**How to complete this task:**
Skip the pictures. Set down, word for word, the lines from the start of the material up to and including the line with "수많은 국내외 팬 콘서트와".

**Study material:**
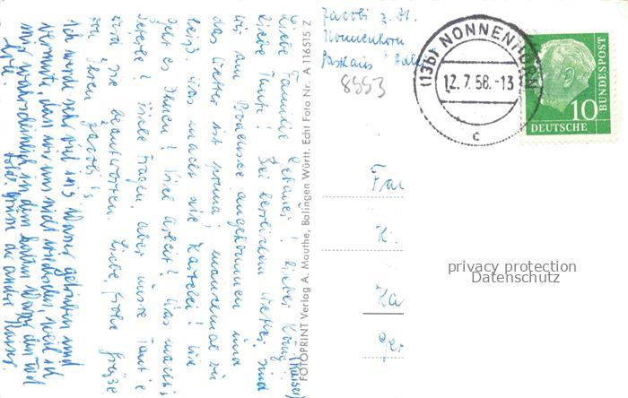 74101231 alte Postkarte Nonnenhorn Bodensee Seepanorama Weinstube zur Kapelle Gasthof Engel Kapelle Fliegeraufnahme Pension Lanz Anlegesteg postalisch gelaufen Erhaltung siehe scans [WerneD78] KatCode: 11110009776120
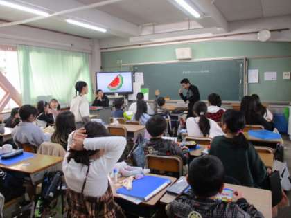 1組は英語。めあて:クリスマスに関する言葉や言い方を知ろう。楽しいクリスマスが間もなくやってきます。飾り物や食べ物などを学んだのでしょうか。
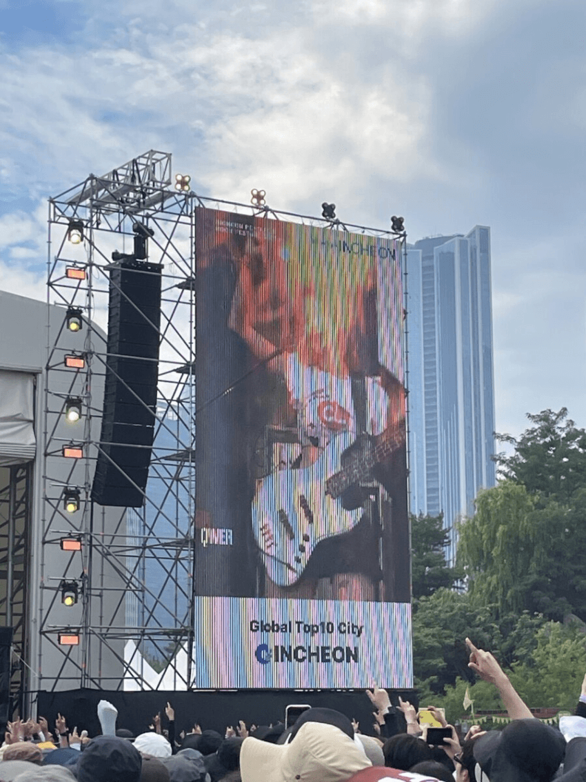 수많은 국내외 팬 콘서트와 5번의 버스킹, 그리고 각종 축제로 단련된 QWER은 작년과는 차원이 다른 밴드였습니다. 열심히 준비해 온 인트로로 한껏 분위기를 고조시킨 QWER은 <디스코드>로 힘차게 출발했습니다. 바람에 흩날리고 땀방울에 떡이 진 머리로, 메추라기 락커 시요밍은 무대를 휘저었습니다. 오늘 시요밍과 마젠타는 작정이라도 한 듯, 헤드뱅잉을 쉬지 않았는데요. 꼬꼬마들은 그렇게 손발과 머리가 바빠야 합니다. 반면에 롯데타워 기타리스트 히나는 긴 다리를 쭉 뻗어 앰프 위에 올리는 것만으로도, 더위로 인해 이미 정신이 혼미한 음악 팬들을 기절 직전까지 몰고 갔습니다.
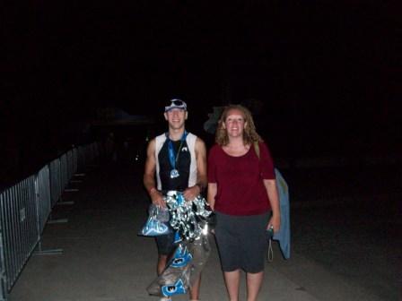 Comments: I actually felt great getting off the bike, my legs came up to speed right away. I saw my mom, sister, and aunt so that was a nice pick me up to start with. First few miles I was just cruising along at 8:45-9 min/mi pace, keeping heartrate in the high 140s/low 150s. Had to stop at portapotty around mile 1.5 for a longish bathroom break. I was still drinking a decent amount (1 cup per aid station in addition to my bottle), but apparently it still wasn't enough. I tried to take in a few hammer gels in the first half from my flask, but it wasn't tasting too good. On the first return to Cedar Point on the causeway I was still feeling strong. I stopped at special needs at the halfway point and grabbed a banana, pretzels, and another bottle, still feeeling good. First half was 1:57 by my watch, so I though I could do maybe a 4:05-4:10 marathon. At mile 15, it was like someone threw a switch. My heartrate climbed 10-15 bpm for the same pace, had a headache, and I felt very dizzy and sick to my stomach. I recognized this as dehydration, but I've never had it happen like this where there was no recognizable warning signs. My arms were very salty so maybe it was electrolyte deficiency. I immediatlely tried to just run walk. I should have stopped at an aid station and drank until I felt better. At mile 17 I was having trouble walking straight, so I stopped running altogether and stopped at the next aid station. I took in 30 oz. of water, filled my bottle, and started walking again. I promised myself I wouldn't risk my life for this, so I walked until I felt better. Had to stop at 5 more aid stations for more water and long bathroom breaks for my upset stomach, but still did not have to pee. I seriously thought at mile 21 I might have to DNF, I was really stumbling around and thought I was going to pass out. They had some salt pills at the aid station, so I took 4 and just waited there for a while. Eventually my stomach settled and the dizziness went down a little and I started walking again. Mile 24 I felt well enough to run/walk again, and did that into the finish. On that causeway, during the walk portions, I was pretty devastated by my failure in this race. It wasn't really a good feeling to finish like this, but I ran the last half mile into the park and tried to smile at the finish. What would you do differently?: Hydrated better and figure out something that works for me running nutrition-wise. ![]() Post race
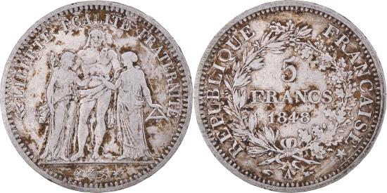| | Coin, France, Hercule, 5 Francs, 1848, Paris, , Silver, KM:756.1 | | | Hercule, Hercules group, Denomination within wreath | | FEATURES |
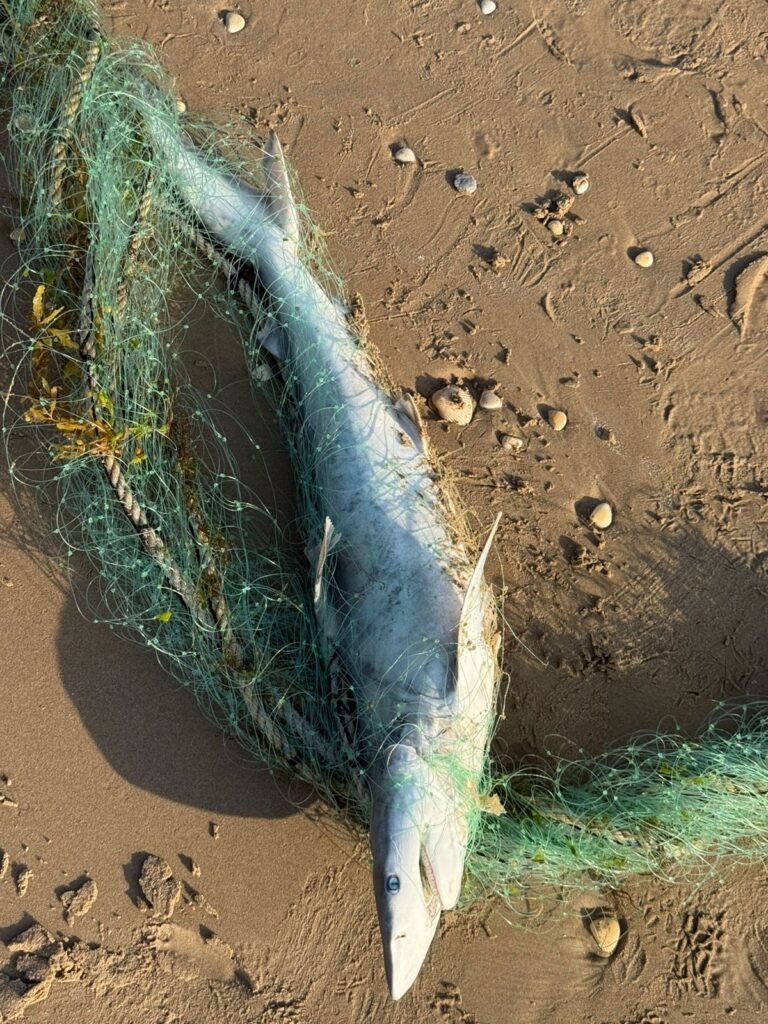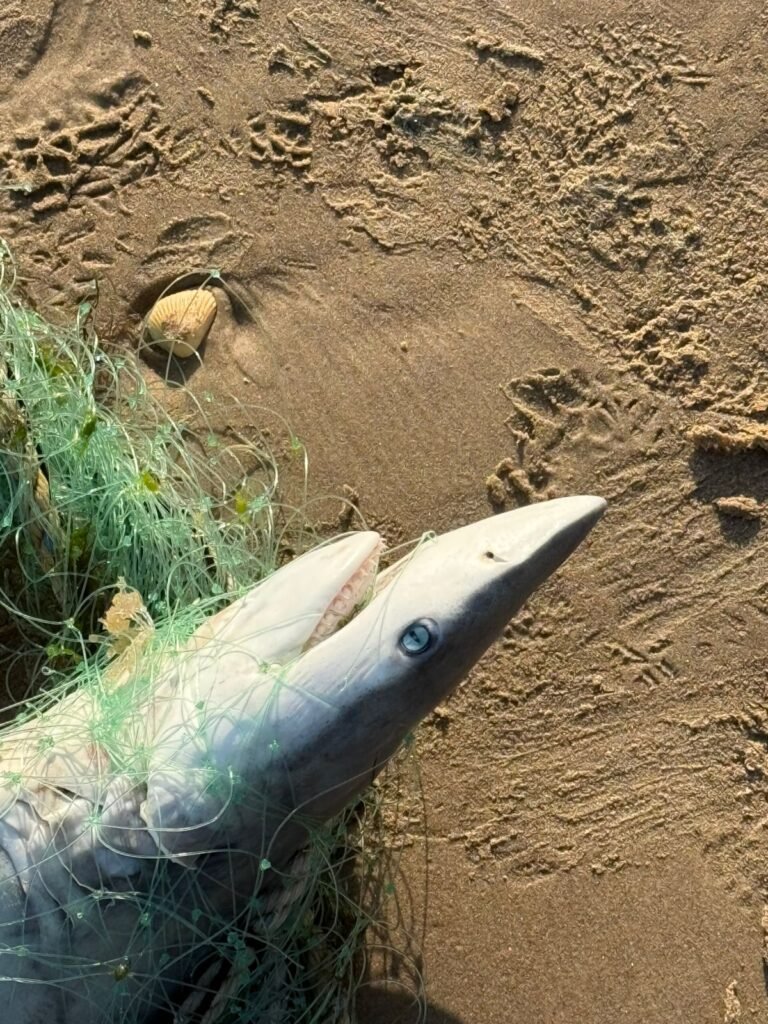 En la misma venían enredados varios peces y un tiburón pequeño, los cuales fallecieron al no poder respirar.

**Solution below:**
 74101231 alte Postkarte Nonnenhorn Bodensee Seepanorama Weinstube zur Kapelle Gasthof Engel Kapelle Fliegeraufnahme Pension Lanz Anlegesteg postalisch gelaufen Erhaltung siehe scans [WerneD78] KatCode: 11110009776120
 1組は英語。めあて:クリスマスに関する言葉や言い方を知ろう。楽しいクリスマスが間もなくやってきます。飾り物や食べ物などを学んだのでしょうか。
 수많은 국내외 팬 콘서트와 5번의 버스킹, 그리고 각종 축제로 단련된 QWER은 작년과는 차원이 다른 밴드였습니다. 열심히 준비해 온 인트로로 한껏 분위기를 고조시킨 QWER은 <디스코드>로 힘차게 출발했습니다. 바람에 흩날리고 땀방울에 떡이 진 머리로, 메추라기 락커 시요밍은 무대를 휘저었습니다. 오늘 시요밍과 마젠타는 작정이라도 한 듯, 헤드뱅잉을 쉬지 않았는데요. 꼬꼬마들은 그렇게 손발과 머리가 바빠야 합니다. 반면에 롯데타워 기타리스트 히나는 긴 다리를 쭉 뻗어 앰프 위에 올리는 것만으로도, 더위로 인해 이미 정신이 혼미한 음악 팬들을 기절 직전까지 몰고 갔습니다.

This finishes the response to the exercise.